WASHINGTON D.C. — Hospital employees only report 14 percent of the events — including medical errors — that harm patients. And they typically don't make changes in how things are done that could improve patient safety, according to a study released Friday by the Inspector General in the Department of Health and Human Services, Daniel R. Levinson.
An independent review of patient records found the dismal reporting number, according to the Consumers Union.
By federal law, hospitals must track all medical errors and adverse events that hurt patients. They are also required to take preventive steps to protect patients. Medical errors and adverse events can include everything from giving a patient the wrong medication or dose to operating on a wrong body part to much less dramatic events.
Levinson told the New York Times that even some of the most serious errors, resulting in patient deaths, were not reported as required by the law. And the study found that only 5 of 293 reported cases of medical errors that were in the review led to changes in how things are done.

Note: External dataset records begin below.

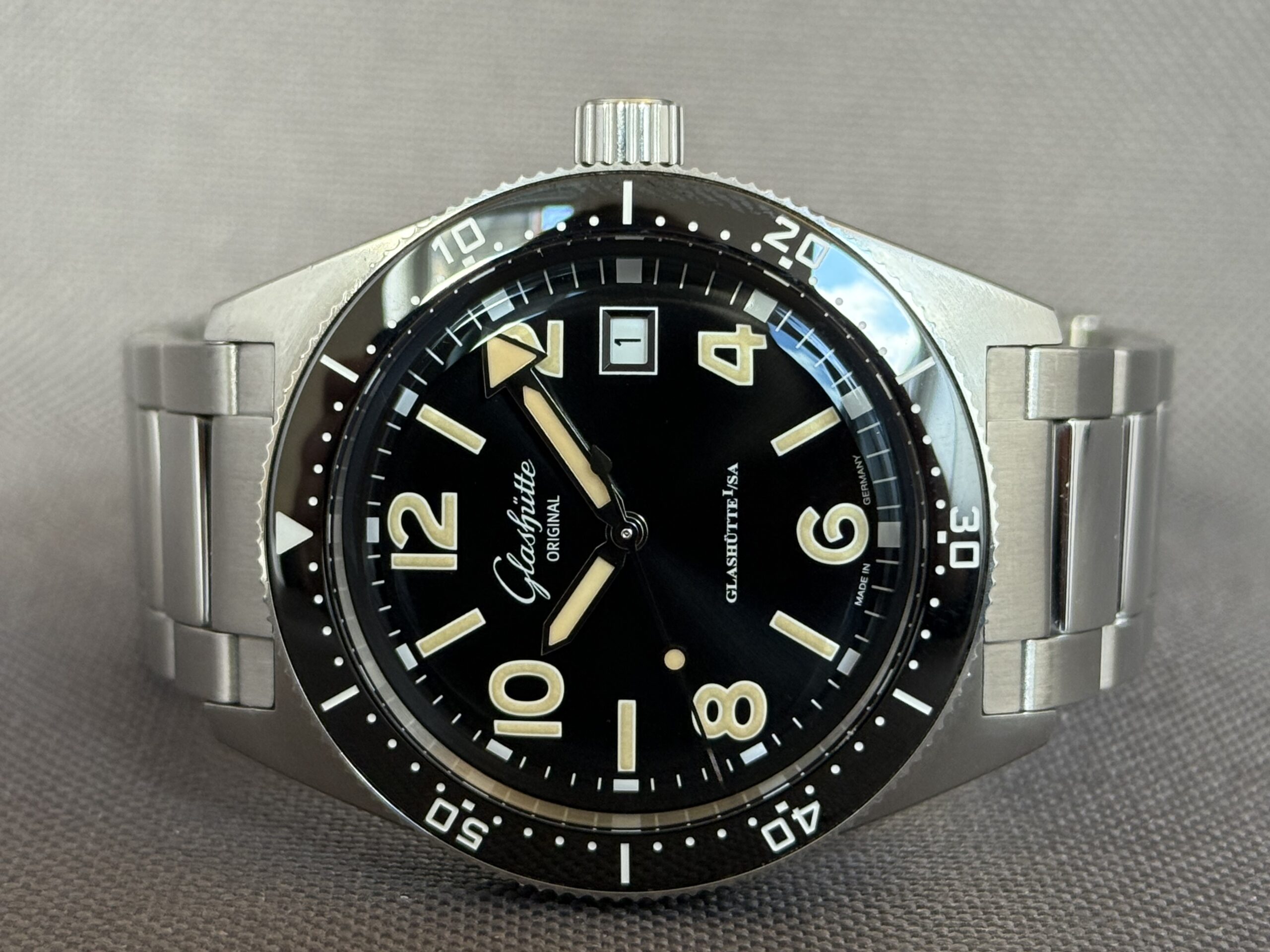 Super flot dykkerur fra Glashütte Original i 39,5mm med sort keramisk bezel, i logoet på låsen kan man let justere lænkens længde. Uret er født med Glashütte’s in-house calibre 39-11 værk med en gangreserve på 42 timer, vandtæthed 200m.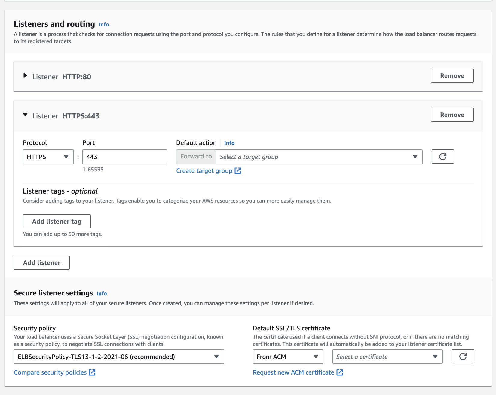 그리고 Add listener를 눌러 리스너를 하나 더 추가합니다. 이번에는 HTTP가 아닌 HTTPS를 추가합니다. 대상 그룹은 같은 것을 사용합니다.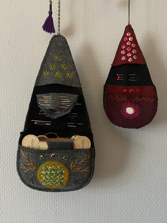 Vi syr i vadmal och dekorerar med olika broderistygn och återbruksslöjd.

"Medical mistakes are one of the biggest problems we have in health care today," said Dr. Manny Alvarez, senior managing health editor of FoxNews.com, said in a story there. "We're beginning to see that with more monitoring, we are identifying more problems. The issue however, is that you have to learn from mistakes — and there are still many doctors and hospitals that do not do that."
"One in four hospital patients is harmed by medical errors and infections, which translates to about 9 million people each year," said Lisa McGiffert, director of Consumers Union's Safe Patient Project, in a written statement. "Today's report confirms what many other studies have already documented. Hospitals are doing a very poor job of tracking preventable infections and medical errors and making the changes necessary to keep patients safe. It's time that hospitals make patient safety a priority."
A 2010 study by the OIG said close to 180,000 Medicare patients a year experience medical errors in the hospital that contribute to their death. It also estimated that the cost of harm to Medicare patients each year is close to $4.4 billion.
While hospitals are required to report medical errors that cause harm to a patient, the information is usually not made public, for fear it would have a "chilling effect" on such reporting. Utah, for instance, is among many states that promise not to release the information publicly, in order to encourage reporting.